The query produces a time series showing the distribution of both metrics using three different percentile thresholds, allowing for comprehensive performance analysis. When percentiles are not explicitly specified, the percentile() function automatically calculates three default percentiles (50th, 75th, and 95th).

This query is useful for comparing typical (median) performance between two metrics, identifying performance variations using the 75th percentile and monitoring extreme outliers with the 99th percentile

Sample output from the incoming example data:

_bucketr1_50r1_75r1_99r2_50r2_75r2_99
1.68682E+12120.80792246242098143.93947040702542143.93947040702542149.4847016559383163.94784285493662163.94784285493662
1.68682E+12143.93947040702542155.16205054702775155.16205054702775160.9814359681496176.22889949490784176.22889949490784
1.68682E+12123.13088804780689123.13088804780689123.13088804780689143.93947040702542143.93947040702542143.93947040702542

Note that the different buckets contain six different percentile values, three for each metric. The 99th percentile captures the extreme values in the data, making it useful for identifying outliers and performance anomalies.

Showing Default Percentiles of Two Metrics

Determine a Score Based on Field Value

Query
logscale
percentile(filesize, percentiles=[40,80],as=score)
| symbol := if(filesize > score_80, then=":+1:", else=if(filesize > score_40, then="so-so", else=":-1:"))
Introduction

When summarizing and displaying data, it may be necessary to derive a score or validity based on a test value. This can be achieved using if() by creating the score value if the underlying field is over a threshold value.

Step-by-Step
  1. Starting with the source repository events.

  2. logscale
    percentile(filesize, percentiles=[40,80],as=score)

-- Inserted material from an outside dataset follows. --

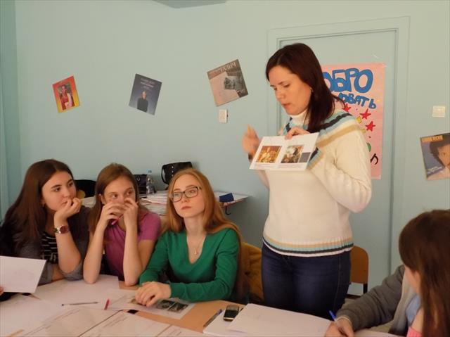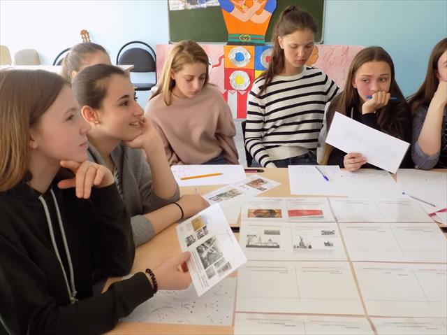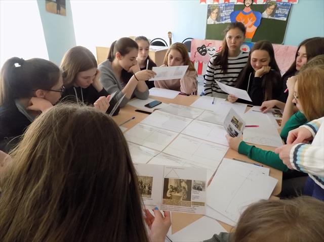 Два занятия из программы "Семейные АзБуки" в Профильной смене были продемонстрированы в качестве практических моделей работы с подростковой аудиторией. На занятие пришли активисты школьных музеев, точнее, активистки - девушки 12-16 лет из разных школ города, как оказалось, весьма осведомленные в истории страны (учащиеся школ №84, № 58, №25, №73, №74, №47, №43, №35). Первое занятие прошло в форме игры: девочки сравнивали картины мира советского и досоветского предков: высшие ценности дореволюционного и советского периодов, их влияние на ландшафт города, на повседневные занятия горожан, на дом (материал, масштаб, смысл), на семью - роли мужа, жены, ребенка. Несмотря на хорошие знания истории, разность ценностей советской и дореволюционной эпох, и, особенно, влияние этой разности на человека, его мировоззрение, семью произвело на игроков впечатление "новых ворот"... Пазлы-картинки "до" и "после" (революции, или "переворота" 1917 г.) были наглядны, скупы и громогласны: Бог - Вождь, Дом - Жилье, Глава - Герой, Жена - Герой, Сын - Герой... На втором занятии рисовали древо рода, в поколениях: нет, не 24, а 2-3; смотрели, как уменьшалось количество детей в поколениях, менялось ли вероисповедание, профессии (женщин). Говорили тихо, по душам. Активисты были похожи ... не на себя.

    Calculates the percentile() for the filesize field and determines what filesize that is above 40% of the overall event set, and 80% of the overall event set.

  3. logscale
    | symbol := if(filesize > score_80, then=":+1:", else=if(filesize > score_40, then="so-so", else=":-1:"))

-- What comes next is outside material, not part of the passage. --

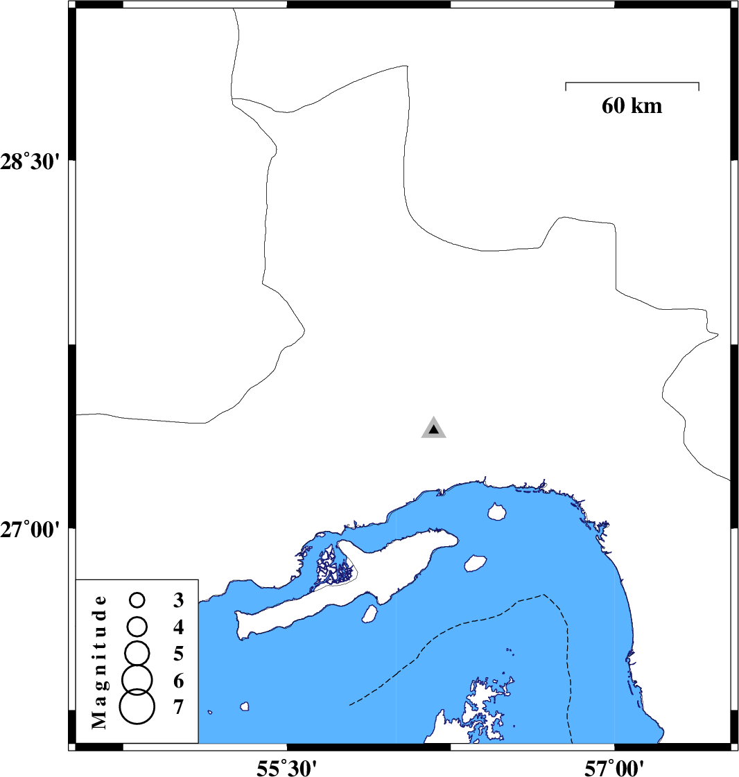 | 2022/04/23 | 21:30:35.6 | 02:00:35.6 | 27.613 | 56.032 | 12 | ML:3.6 | Hormozgan Province, 54 km North-West of Bandar-e abbas |

    Compares whether the filesize is greater than 80% of the events, setting symbol to :+1:. Because if() functions can be embedded, the else parameter is another if() statement that sets symbol to so-so if the size is greater than 40%, or :+1: otherwise.

  4. Event Result set.

Summary and Results

Using if() is the best way to make conditional choices about values. The function has the benefit of being able to be embedded into other statements, unlike case.

Show Percentiles Across Multiple Buckets

Query
logscale
bucket(span=60sec, function=percentile(field=responsetime, percentiles=[50, 75, 99, 99.9]))
Introduction

Show response time percentiles over time. Calculate percentiles per minute by bucketing into 1 minute intervals:

Step-by-Step
  1. Starting with the source repository events.

  2. logscale
    bucket(span=60sec, function=percentile(field=responsetime, percentiles=[50, 75, 99, 99.9]))

    Using a 60 second timespan for each bucket, displays the percentile() for the responsetime field.

  3. Event Result set.

Summary and Results

The percentile() quantifies values by determining whether the value is larger than a percentage of the overall values. The output provides a powerful view of the relative significance of a value. Combined in this example with bucket(), the query will generate buckets of data showing the comparative response time for every 60 seconds.